There's no star among stars on the championship squad, however. Off the court they are close buddies, and most of those who live in dormitories have teamed up as roommates. They have no leader other than the team captain. The last two seasons they elected Kenny Rollins, a Navy veteran from the hamlet of Wickliffe in Western Kentucky, as their captain, and he was the leader in combat, a steadying influence throughout hard campaigns. Rollins was graduated last summer and has entered professional basketball with the Chicago Stags, but his departure didn't leave the squad without seasoned performers.

ADOLPH RUPP, Kentucky's famous coach, with five sophomores on the squad, left to right, Garland Townes, Walt Hirsch, Joe Hall, Bob Henne, Roger Day

Oldest of the four seniors is Cliff Barker, now twenty-seven, putting in his third season as a regular since his five years and his own support for even longer, he is a sort of counselor for his younger mates, a balance wheel.

Known best for a great pair of hands and remarkable ball-handling, Cliff has oh-ed and ah-ed fans all over the Eastern half of the United States with his palming of the big sphere as if it were a tennis ball, and with his sharp passing, sometimes behind his back or over a shoulder or between his legs, but rarely off target. Seldom the top man in scoring, he is an accurate and clever feeder who deceptively whips the ball to a mate suddenly breaking into position for an easy goal. And his antics on court usually serve to break tension, ease the strain and relax a taut ball club.

Another who helps keep the squad from tightening is Al Groza, although he's a deadly serious operator from the opening tip in a game. Inclined to be moody, and much more mature than during the portion of one season he spent at Kentucky before serving a year in the Army, the big boy from the little town of Martins Ferry, Ohio, is at his lightest and best when the squad is traveling-chattering, kidding, joking. On the campus Groza (the name goes with Rosa) appears to carry himself aloof, but he responds as quickly as the next to attention from schoolmates. He takes his duties conscientiously as spokesman for the team, and his personal popularity is attested by his election last year to presidency of the K Club, organization of varsity lettermen -- those who know him best.
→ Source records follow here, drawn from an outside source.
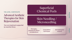 The Level 4 Certificate in Advanced Aesthetic Therapies introduces a slightly different experience. While you still gain hands-on training in microneedling and superficial chemical peels, there is a stronger emphasis on understanding the context around those treatments.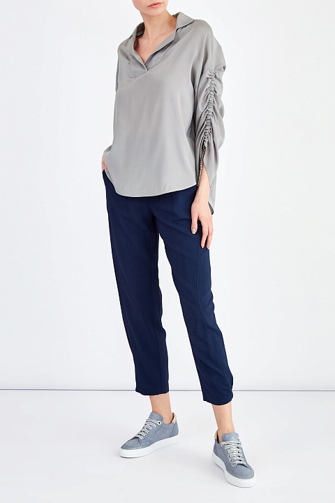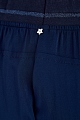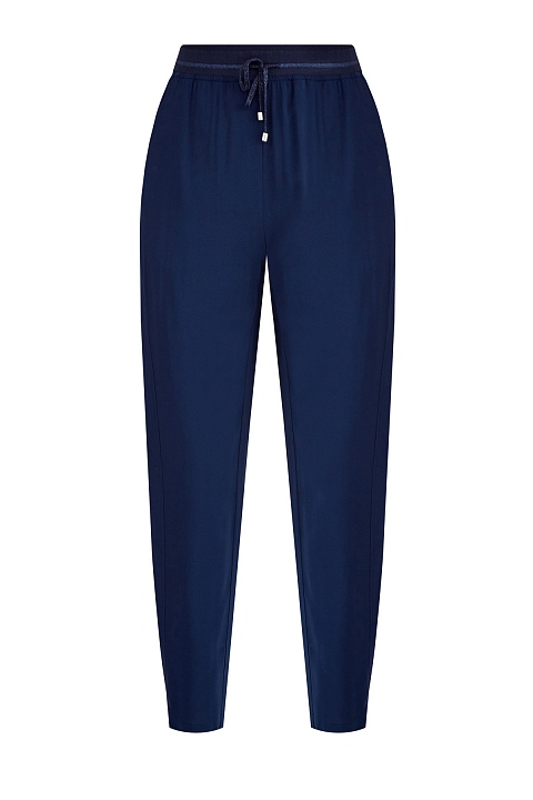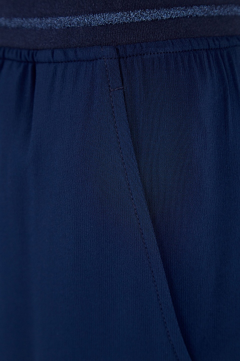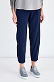 Укороченные женские брюки в стиле casual от Lorena Antoniazzi выполнены из струящейся ткани в насыщенном оттенке ночного неба. Контраст фактур подчеркивает трикотажный притачной пояс с кулиской и отделкой нитью люрекса. Объемный силуэт в спортивном стиле создают эластичные вставки по нижним кромкам. Детали: планки с фактурными швами, диагональные прорезные карманы. Сделано в Италии.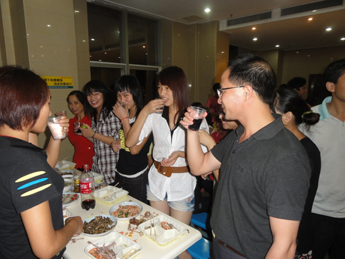 農(nóng)歷8月15日,雖然天氣有點陰沉,卻不影響“雙童”吸管全體職工團圓過節(jié)的好心情。公司董事長樓仲平和副總經(jīng)理張洪潮在這個節(jié)日里卻忽略了他們那溫馨的小家,放下了手中的所有事情為“雙童”這個大家忙碌了一整天,親自帶領(lǐng)公司各主管人員興致滿滿地從菜市場和超市來了個大采購,然后回到公司風(fēng)風(fēng)火火地為全體職工準(zhǔn)備起了團圓飯。他們的親自參與留給全體職工的不僅是節(jié)日的歡喜和桌上的盛宴,更多留下是感動、感恩,有了家的溫暖。幾百人聚在一起過了個紅紅火火的中秋節(jié)!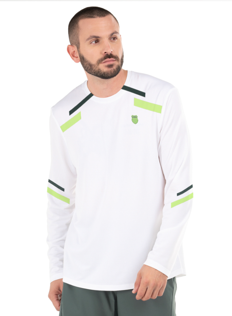 Camisetas y tops K-Swiss para hombre | Camiseta de manga larga con rayas dinámicas blanca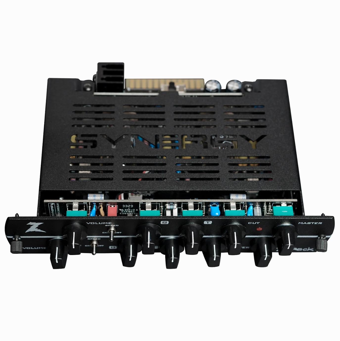 Never ones to ignore a classic design, Synergy reached out to the Engl Amp designer of the Powerball head, Horst Langer to provide us with the amp’s signature swath of tones in an all-tube Synergy preamp module. The Synergy Powerball module boasts two of the amps four channels with enough control on tap to go toe to toe with the namesake head. Not only will you find the standard 3-band EQ, gain, and volume controls, but two Gain Lo/Hi and Mid Boost switches per channel put a world of these German-engineered tones at your fingertips.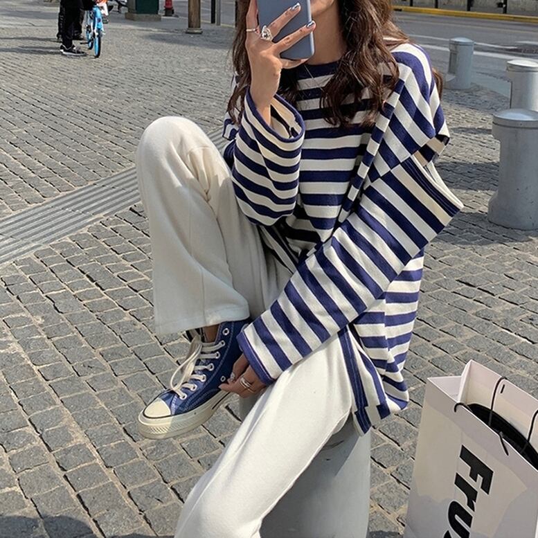 さりげない肌見せがポイントのボーダーTシャツ。ゆったりシルエットにオープンショルダーが女の子らしい印象です。ロングボトムともミニ丈ボトムともバランスよくスタイリングが仕上がります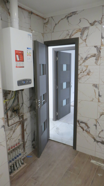 Az ingatlan eredeti szerkezete vasbeton alapra és B30-as blokk téglafalazatra épült, amely a felújítás során komoly műszaki tartalommal egészült ki. A teljes aljzatcsere 10 cm lépésálló szigeteléssel és új teknőszigeteléssel készült, a homlokzat 15 cm szigetelést, a födém pedig 25 cm hőszigetelést kapott, ami a ház energiahatékonyságát jelentősen javítja. A fűtésről és a melegvízellátásról egy vadonatúj, 24 kW-os Ariston gázcirkó gondoskodik, a hőleadás modern padlófűtésen keresztül történik, ami egyenletes és komfortos hőérzetet biztosít minden helyiségben.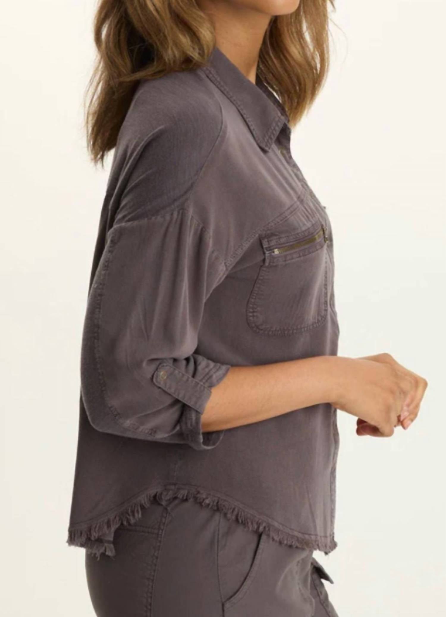 A long sleeve top you can wear with denim, skirts, well... just about anything! Introducing the Knapp Distressed Cargo Button Up Top by Wearables, a chic charcoal piece perfect for minimalist spring styling. Designed with three-quarter sleeves and a classic collar neckline, this versatile top combines Taissa Twill and Lucille Slub Jersey fabrics for a comfortable fit. The garment features button closure and measures approximately 20.5" at the center front and 24" at the center back. It's preshrunk for lasting wear and easy maintenance with machine wash care instructions.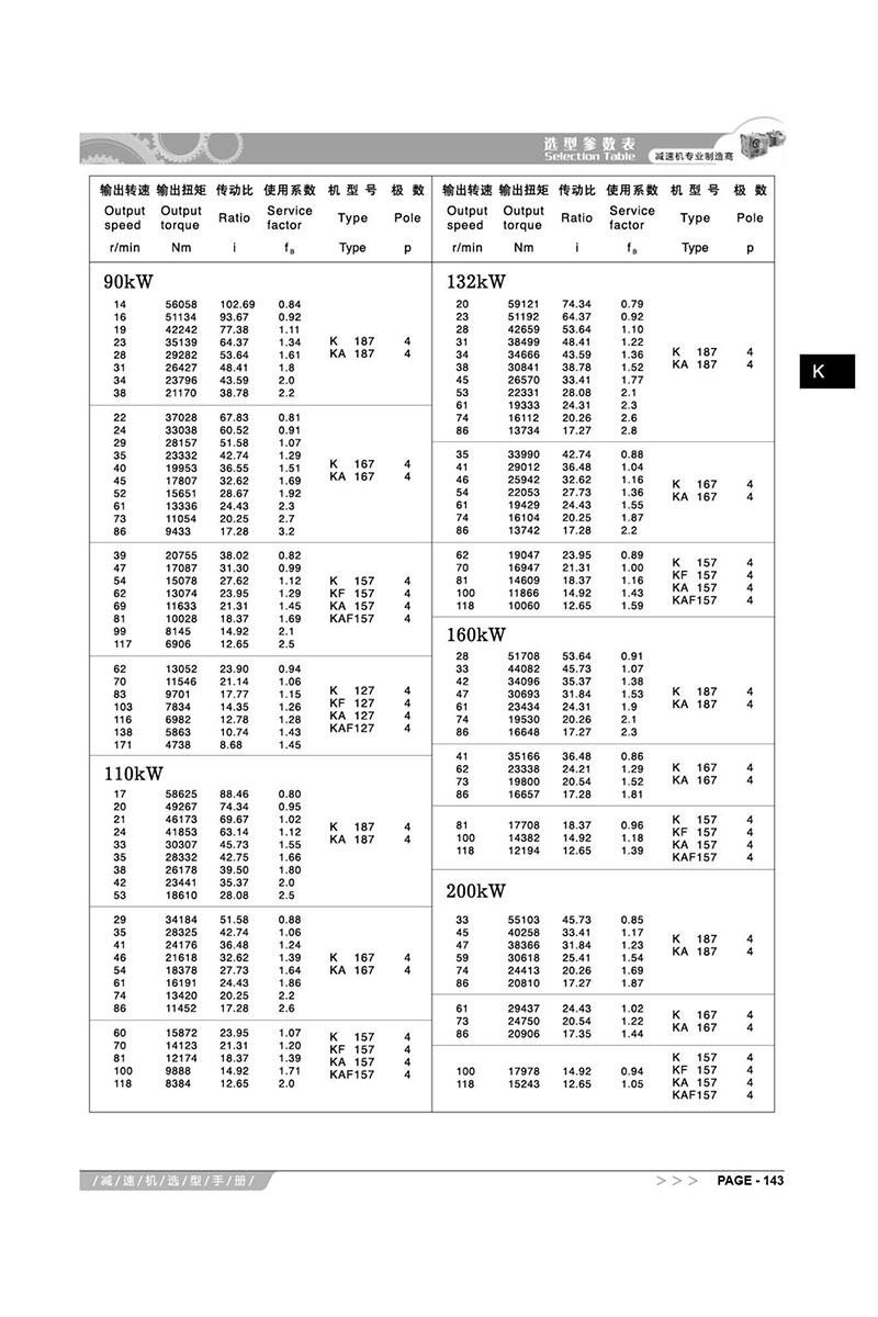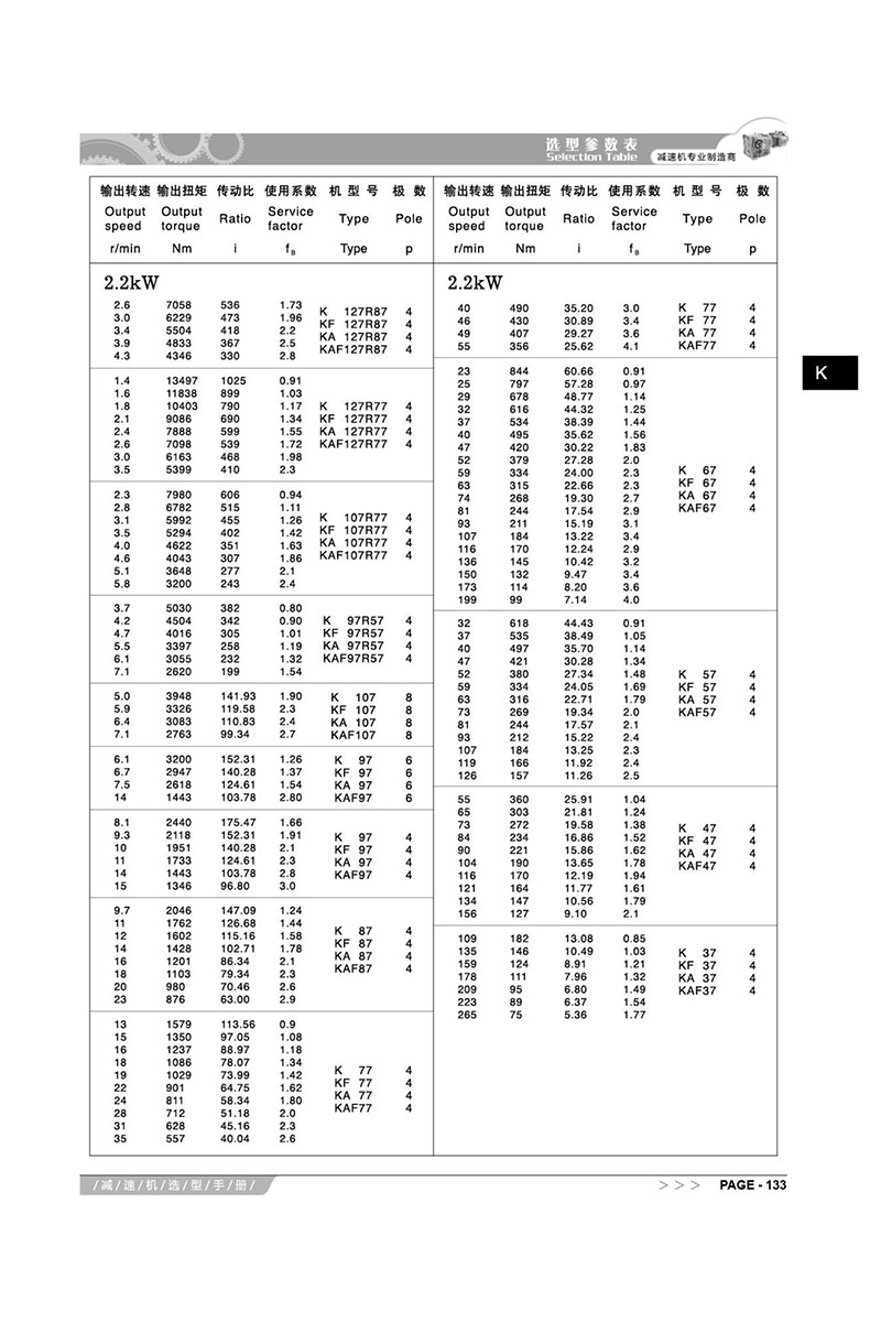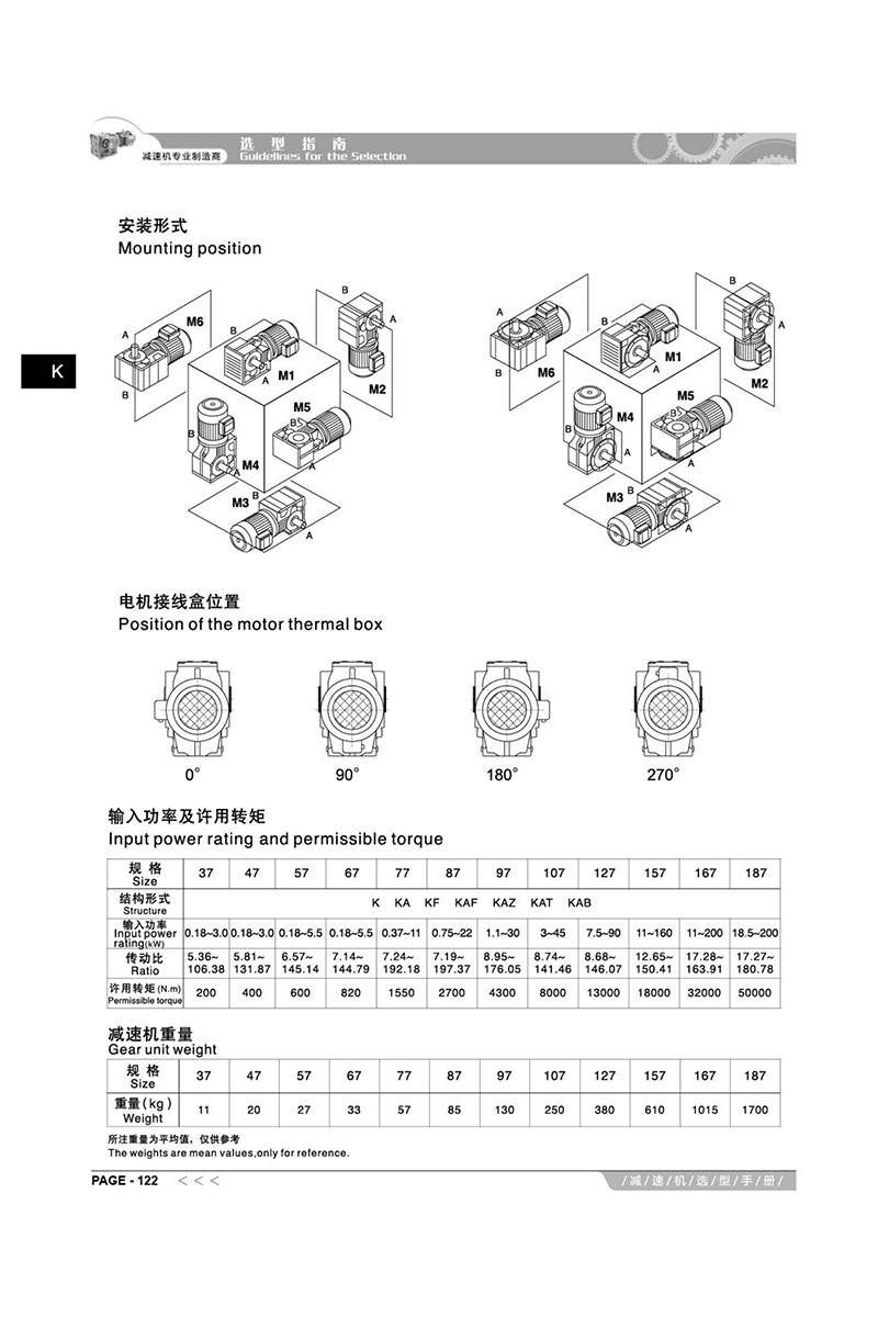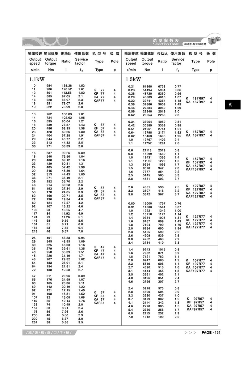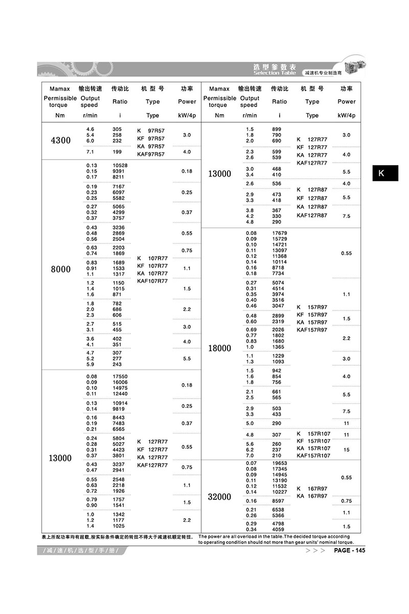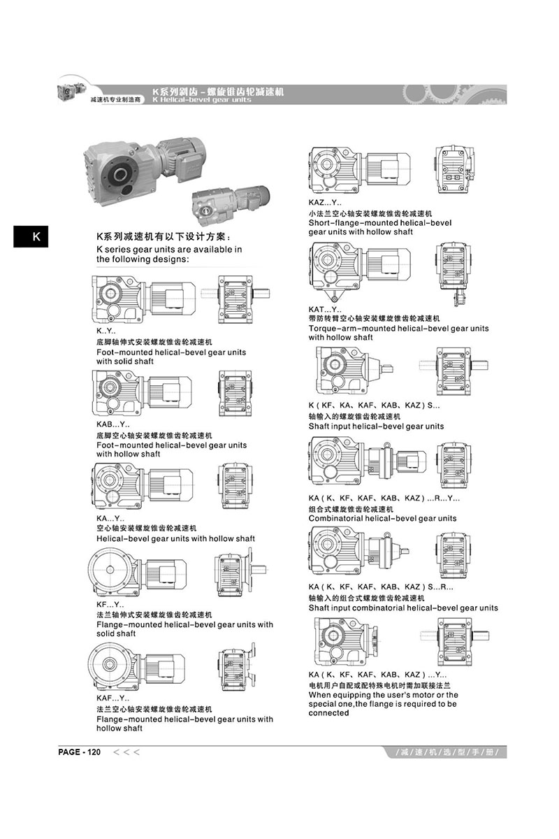 K系列斜齿-螺旋锥齿轮减速机主变速齿轮采用格里森准双曲线齿制,硬齿面,承载能力大,噪音低,寿命长,效率高。

Big AI, although the squad's leading scorer the last two seasons, is a team player all the way. At the pivot spot, surprisingly agile for a fellow of his size, he is a sharp ball-handler, feeding the leather to fast-breaking mates whizzing by on either side, his passes accurate and quick but "soft" and easy to handle for those driving in for lay-ups. Not a brilliant marksman from out on the floor and boasting no tricky hook shot of fatal accuracy in the fashion of a few other outstanding centers, Groza gets in his best scoring work as a tip-in rebounder under the hoop. There he's a hard man to bump out of position or to outjump. At either end he is leaping and reaching until the ball is batted into the netting or safely into the hands of a teammate.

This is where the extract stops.